Exercise goal: Using the material below, print a verbatim copy of every line from the one containing "在装修家居客厅等空间时,在设" through the one containing "don't have to", inclusive, and omit the pictures.
Segment Open
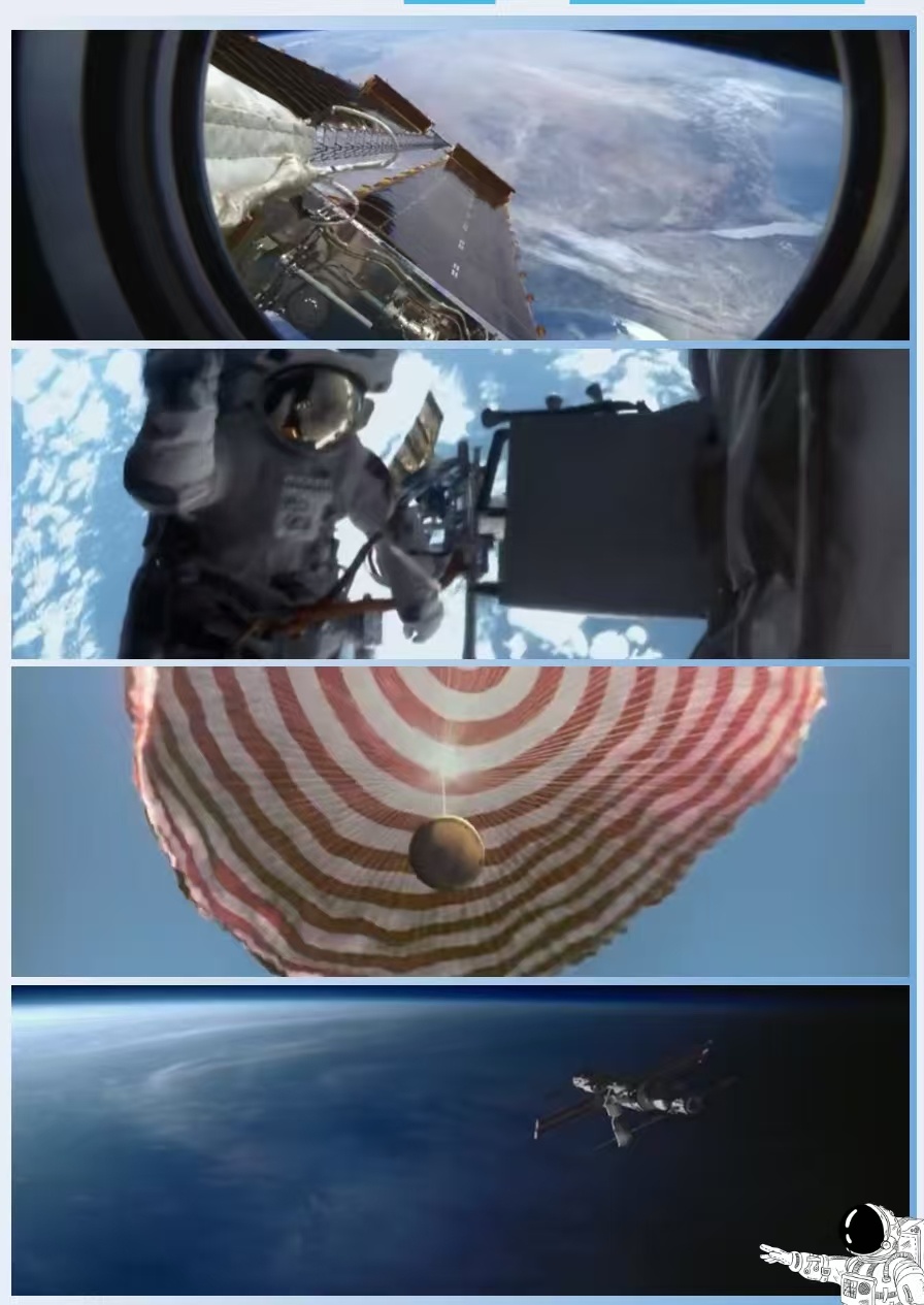 航天员们用日常视野,关注着太空舱、空间站、太空和地球;故意压低的仿佛太空回响般的音乐旋律,飘飘荡荡、点点滴滴,衬托出广袤宇宙无限的延伸……
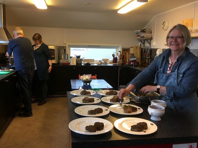 Lofoten-Bergen 2018 -- Kristin ist heute Köchin, Jan und Anita helfen. Suoerfeies Essen, Danke Kristin und Jan.
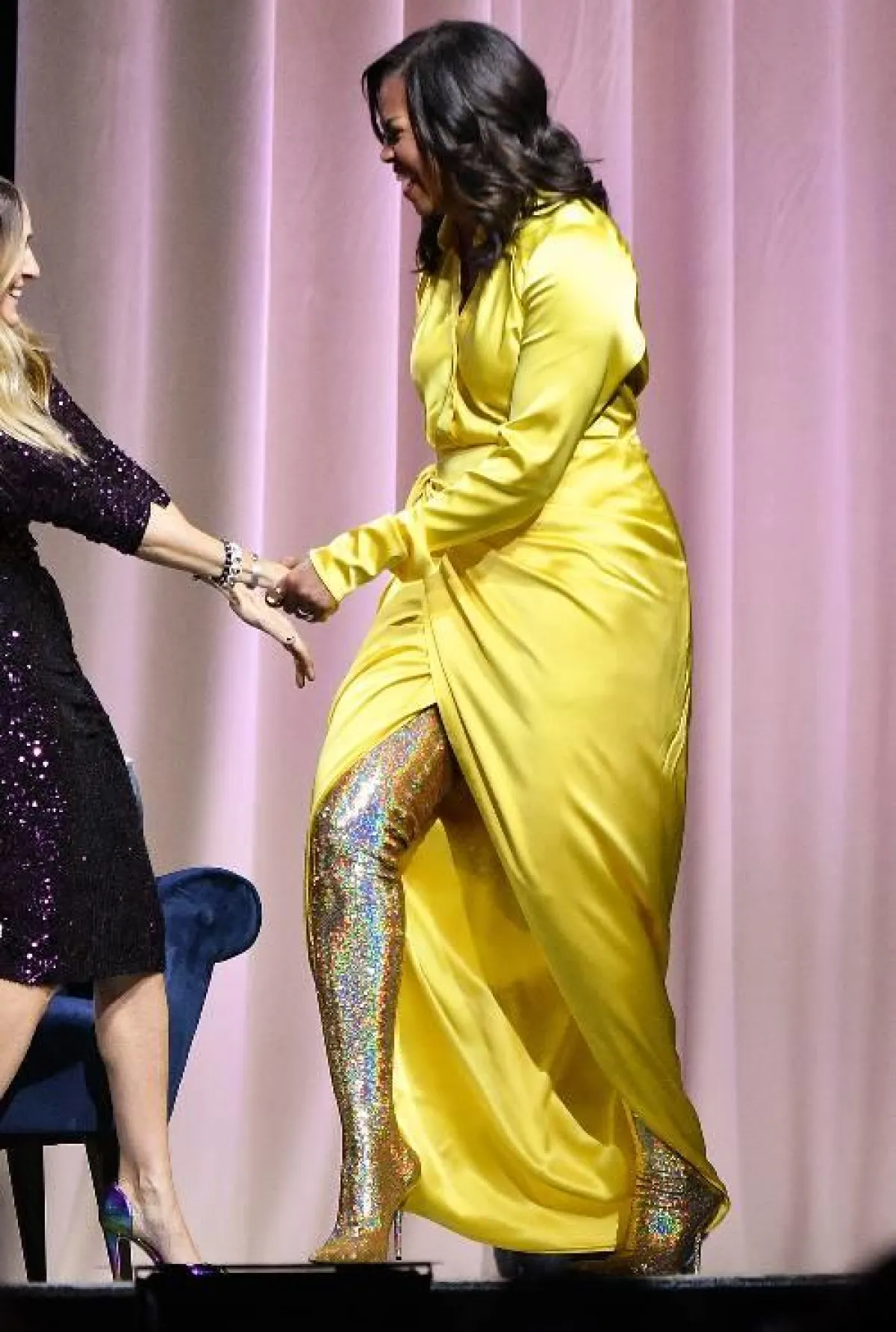 أول صيحة لفتت انتباهنا إلى تغيير أسلوب ميشيل أوباما في الأزياء، كان بوت مصمّمًا من وميض الغليتر، ومزدانًا بعنق طويل امتد إلى الفخذين، البوت ضمن تشكيلة علامة بالنسياغا. نسقته "أوباما" مع فستان أصفر ساطع من الحرير، بشق أمامي كشف عن طول عنق البوت.
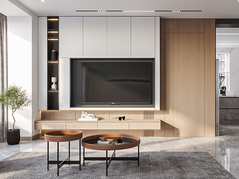 在装修家居客厅等空间时,在设计背景墙时,将卧室门做隐藏式设计并与其融合在一块,既能增加居室的私密感,又能彰显家居的整洁感。
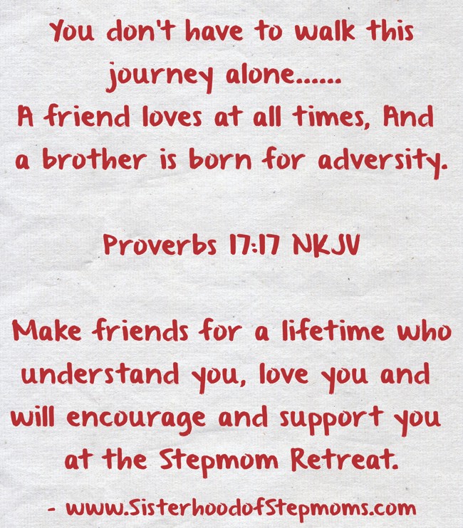 "You don't have to walk this journey alone...... A friend loves at all times, And a brother is born for adversity. Proverbs 17:17 NKJV Make friends for a lifetime who understand you, love you and will encourage and support you at the Stepmom Retreat."
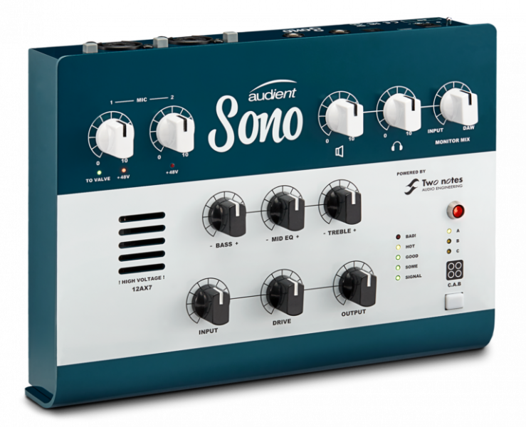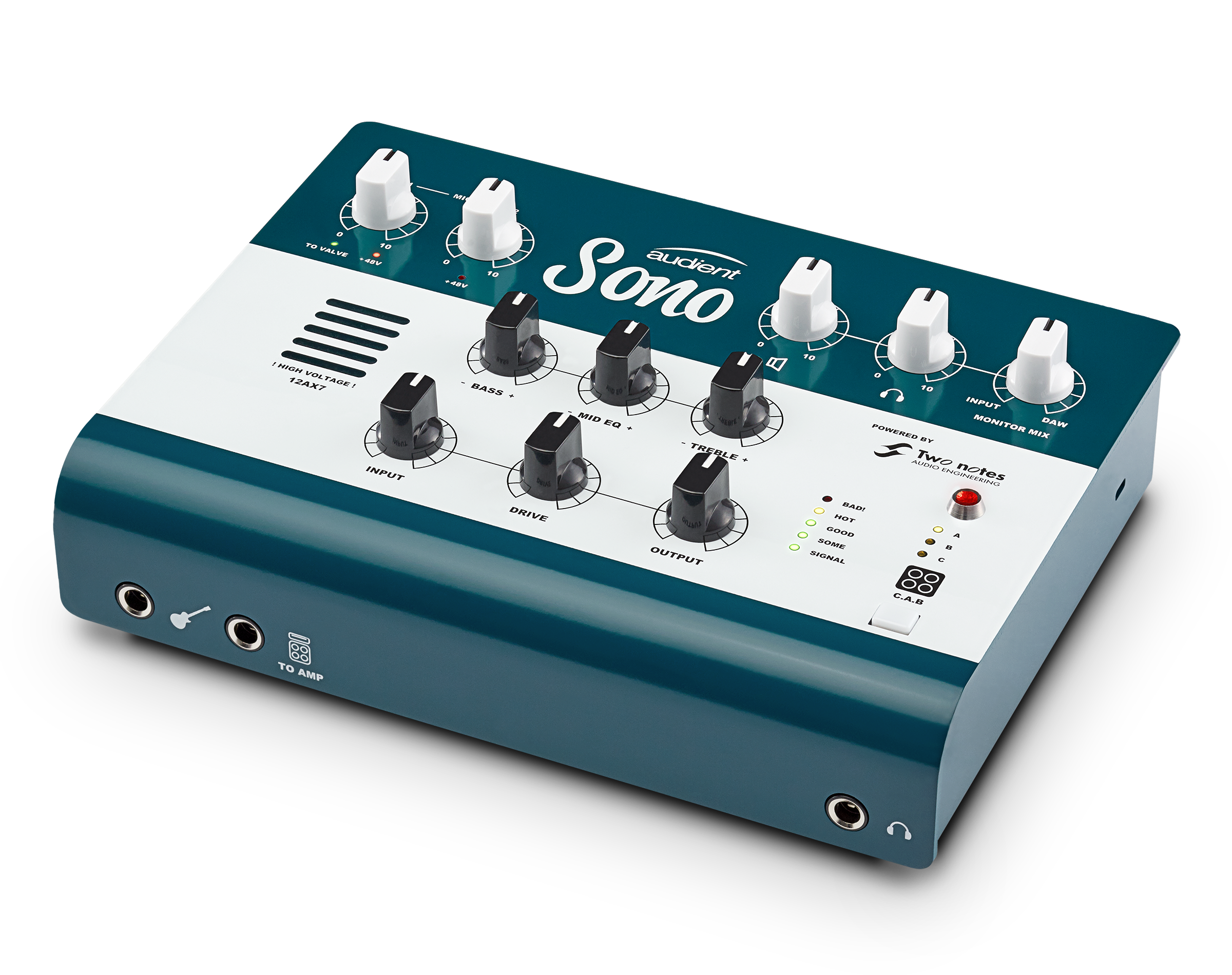 La Sono d'Audient est faite sur mesure pour le guitariste qui enregistre, mariant un préampli alimenté d'une lampe 12AX7 avec un ampli de puissance haut de gamme et des modélisations de Two Notes, ainsi qu'un égaliseur 3 bandes et de puissantes capacités de Re-amp.
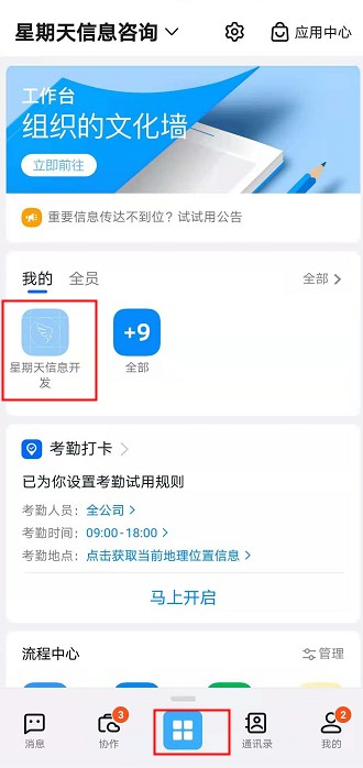 在移动端(Android、IOS)内,可以通过工作台进行访问。
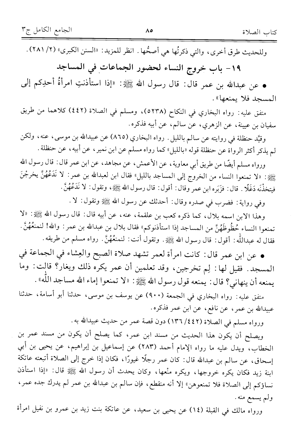 • عن عبد الله بن عمر قال: قال رسول الله - صلى الله عليه وسلم -: "إذا استأذنتِ امرأةُ أحدِكم إلى المسجد فلا يمنعها".
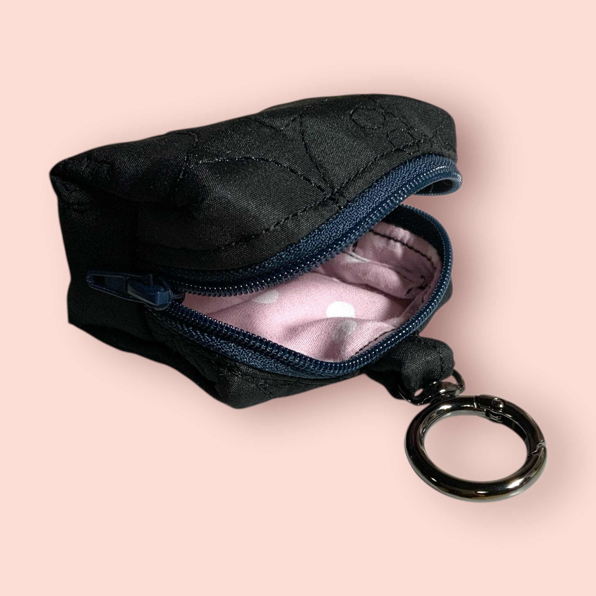 ミニポーチ  キルト  ブラック  ネコ柄
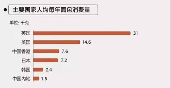 另有一个数据显示:对比国际面包人均消费,中国内地人均每年仅消费1.5kg面包,与美国人均14.6kg以及英国人均31kg的面包消费量相去甚远。这是否说明中国面包人均消费还有更大空间?
Segment Closed
Answer to this problem:
 在装修家居客厅等空间时,在设计背景墙时,将卧室门做隐藏式设计并与其融合在一块,既能增加居室的私密感,又能彰显家居的整洁感。
 "You don't have to walk this journey alone...... A friend loves at all times, And a brother is born for adversity. Proverbs 17:17 NKJV Make friends for a lifetime who understand you, love you and will encourage and support you at the Stepmom Retreat."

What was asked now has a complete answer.